The point of this preliminary investigation is to show beyond a reasonable doubt that safety signals are being removed from the VAERS Foreign data set by order of “European regulators”. The fact that these gutted reports are MHRA/Yellowcard reports makes me wonder about the motivation for doing so. For example, why are over 101,000 Yellowcard reports in VAERS in the first place? This on its own, is odd. I won’t judge because I don’t know how the data input works precisely. What I understand, however, is that the Foreign data reports are entered into the VAERS database via pharmaceutical manufacturers. This is subsequent to individuals filing reports of adverse events directly to the manufacturers, who reside outside of the United States. If these reports just simply did not belong in VAERS, then the logical thing to do would be to transfer these reports - I mean, the entirety of these reports - to the Yellowcard system. Non?

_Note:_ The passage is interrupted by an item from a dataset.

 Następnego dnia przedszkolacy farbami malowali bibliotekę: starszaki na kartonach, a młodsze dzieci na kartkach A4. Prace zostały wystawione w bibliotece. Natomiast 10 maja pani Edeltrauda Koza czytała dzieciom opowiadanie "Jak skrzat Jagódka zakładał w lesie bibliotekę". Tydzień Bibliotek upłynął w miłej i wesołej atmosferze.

I can’t think of a reason for the removal of “the country codes; reported symptom case narrative free text; diagnostic laboratory data free text field; illness at time of vaccination free text field; chronic conditions free text medical history field; allergies free text field”, that aligns with the explanation provided in the Disclaimer by the European regulators; the explanation being that the items in the aforementioned list ‘may not comply with European regulations’. What European regulations? Why not simply remove the entire MHRA report list and move them all to the Yellowcard database? No one would question that because that would make sense. What actually happened doesn’t make sense.

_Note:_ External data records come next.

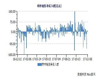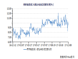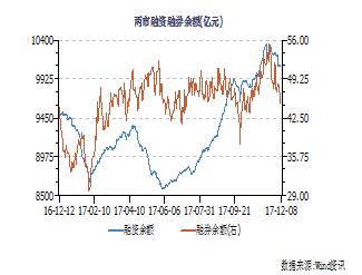 ▶融资融券市场概况:截至2017年12月8日,两市融资融券余额为10,137.71亿元,其中融资余额规模为10,092.04亿元,融券余额规模为45.67亿元。较此前(12月1日),融资余额减少1.25%,融券余额减少2.68%。12月4日-12月8日融资买入交易规模1889.13亿元,融券卖出股数5.00亿股。两市融资买入额占A股市场成交额比例5个交易日均值为9.48%。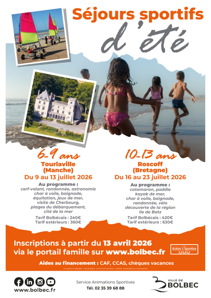 Cet été, la Ville de Bolbec propose aux jeunes deux séjours sportifs inoubliables entre mer, nature et activités fun !
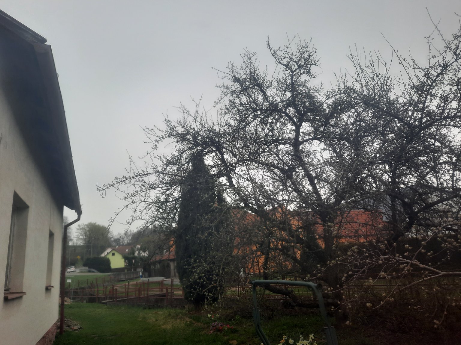 Dnes konečně nemrzlo. Teplota ráno klesla na 0,5°C. Celý den je zataženo oblačností středních pater, přes kterou chvílemi prosvítalo slunce. Nyní už neprosvítá a od jihu se blíží slabý déšť. Vane slabý severovýchodní vítr, tlak: 1005hPa.
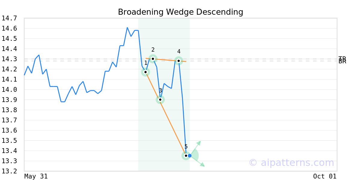 The Broadening Wedge Descending pattern forms when the price of a security makes lower lows (1, 3, 5) and lower highs (2, 4), forming a downtrend.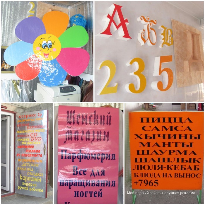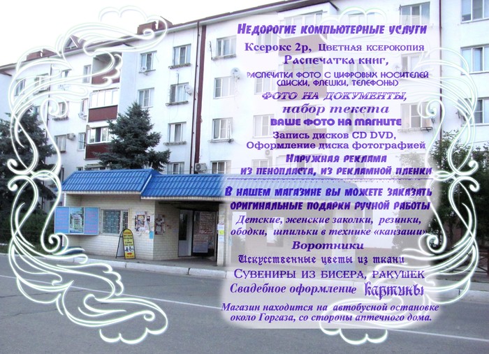 Свою рекламу я тоже оформила сама. Зря я что ли училась тексты оформлять? Получился у меня магазинчик - подарки ручной работы и компьютерные услуги, ксерокс, фотопечать. Ещё я занималась наружной рекламой, могла бы вырезать буквы из пенопласта, но таких заказов не было. Кроме своей рекламы, я успела выполнить три заказа. Фото реклама на двери, это моё первое помещение для магазина.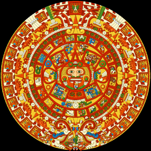 До 2012 года мы все жили в эре Пятого Солнца, главное божество – бог Солнца Тонатиу. Именно его лицо вы можете видеть в самом центре диска календаря майя – рис. 24.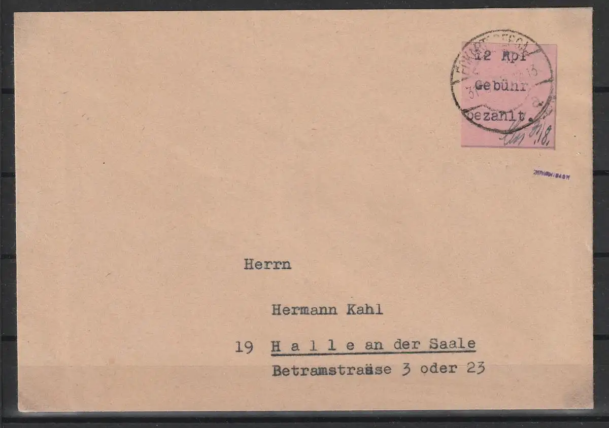 Eckartsberga Nr. 2 auf Sammlerbrief, gepr. Zirkenbach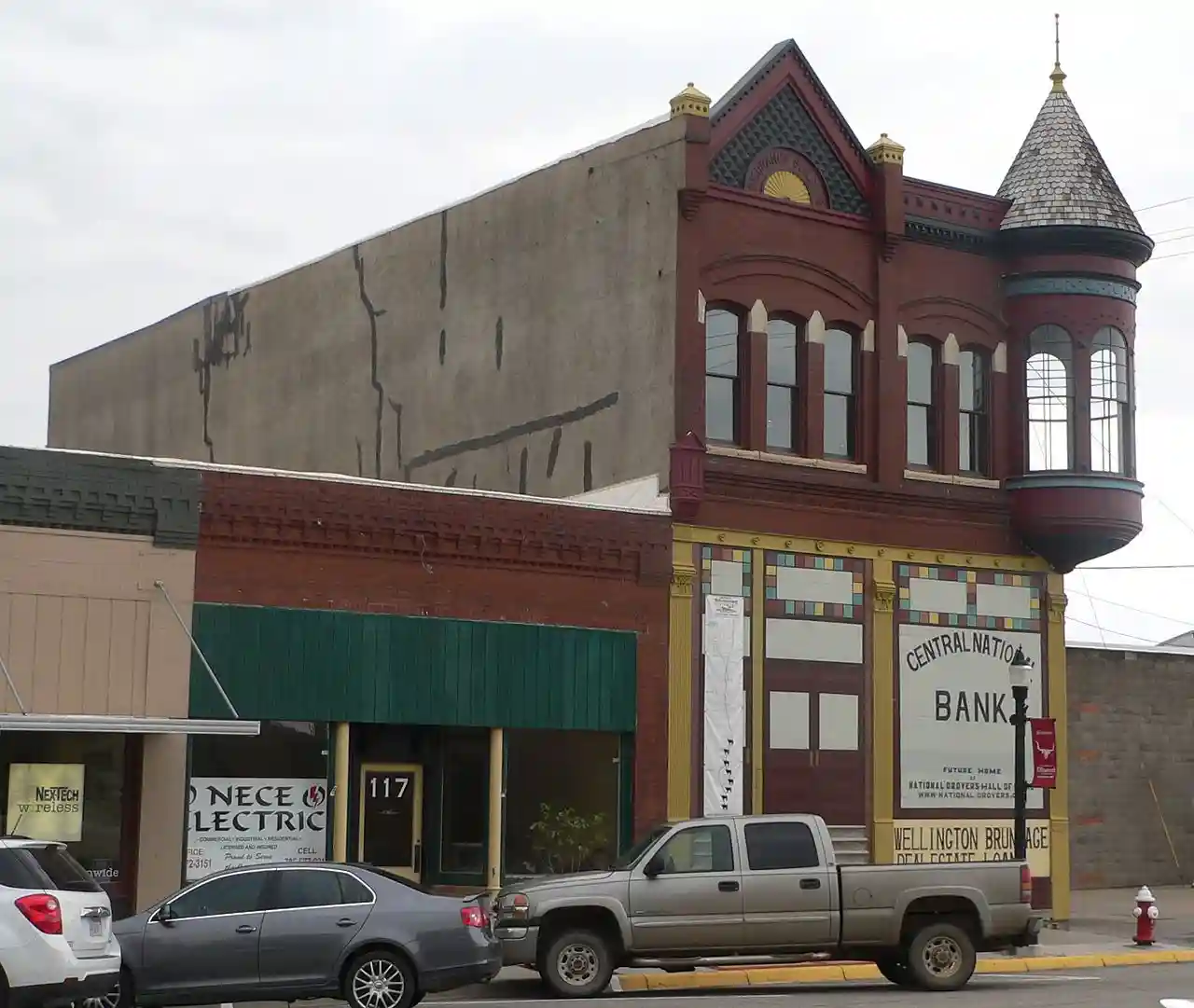 The Insurance Building in Ellsworth, Kansas, at 115 N. Douglas Ave., also known as the Wellington Insurance Building, is a two-story, Victorian-style brick commercial building. It was listed on the National Register of Historic Places in 2006. It is also a contributing building in the Ellsworth Downtown Historic District, which was listed on the National Register in 2007. With . Read more on Wikipedia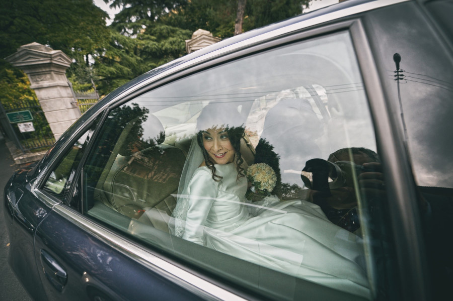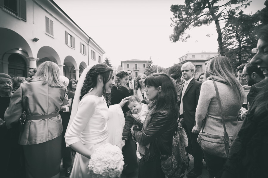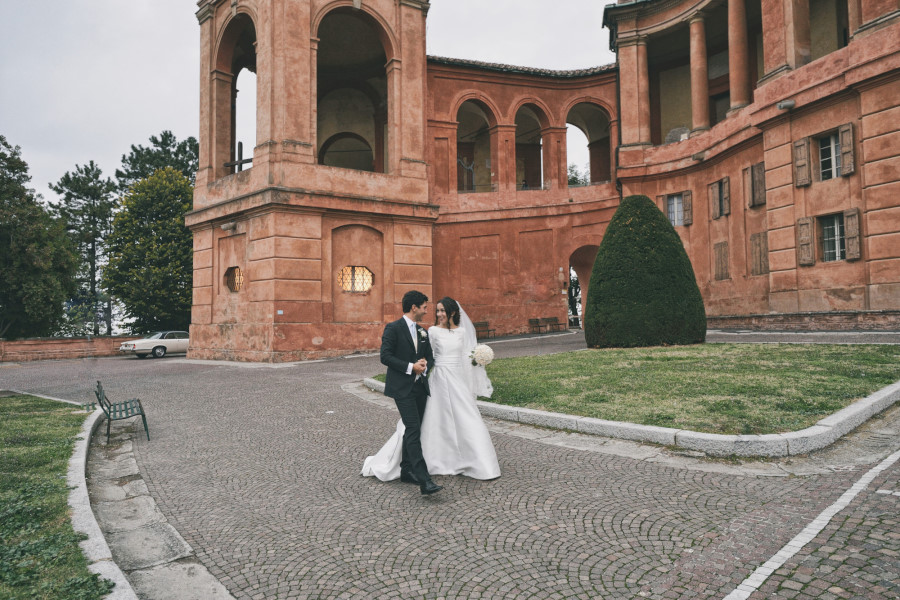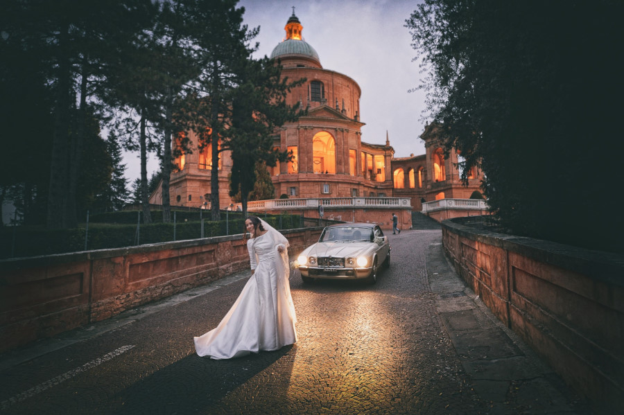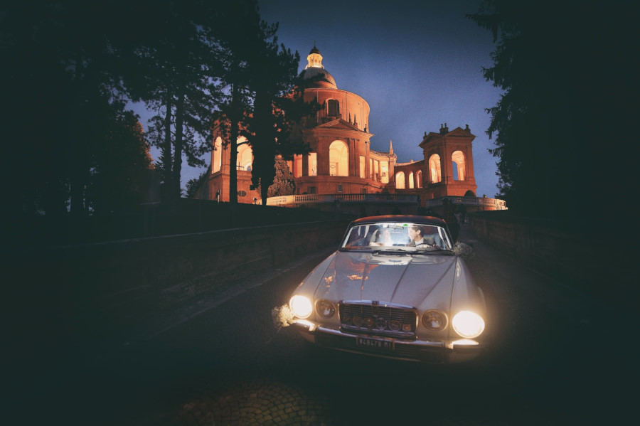 Un fine settimana d’autunno, un pallido sole che ormai non riscalda più, qualche nuvola che fa calare più velocemente la notte. Fermo restando il carattere reportagisto del mio lavoro, gli sposi desideravano anche delle foto di coppia e volevano che in qualche modo fossero legate alla loro città, Bologna. Avevamo pensato, quando ci siamo incontrati, di fare delle foto in esterni al Santuario di San Luca ma sapevamo di avere solo pochi minuti di luce. Dopo aver fatto delle fotografie cercando di sfruttare i muri ocra del Santuario in modo da creare del colore su cui si staccasse il bianco e nero degli sposi, essere già saliti in macchina per andare al ricevimento, ecco il momento magico: le luci artificiali si accendono e illuminano il Santuario di San Luca. Tutta l’atmosfera cambia e anche le foto di coppia assumono dei colori diversi, più caldi, più avvolgenti.

The only thing that makes sense to me is that this was done intentionally to remove safety signals.
I work under the auspices of ‘innocent until proven guilty’ as a rule, so my first instinct in hunting for clues to solve this (or any) mystery is to assume no mal-intent. But the problem here is that this was an intentioned and willful act ordered by European regulators for the CDC and FDA to remove this specific data. So, there is no need to presume innocence. That’s what’s disturbing about this. As I pointed out in my previous Substack on this issue, cross checking of MedDRA codes from the signals written up in the SYMPTOM_TEXT fields to the SYMPTOM fields was either, at best, not not done well, or at worst, not done at all. And at the very least, if for some non-mal-intentioned reason this data needed to be removed, then it could have been, and dare I say, should have been done with more care.
If handling this data was my task, I would do it right to ensure to honor the integrity of both the data and the people.
Merry Christmas/Boxing Day everyone, and I hope you had a splendid day full of love and abundance.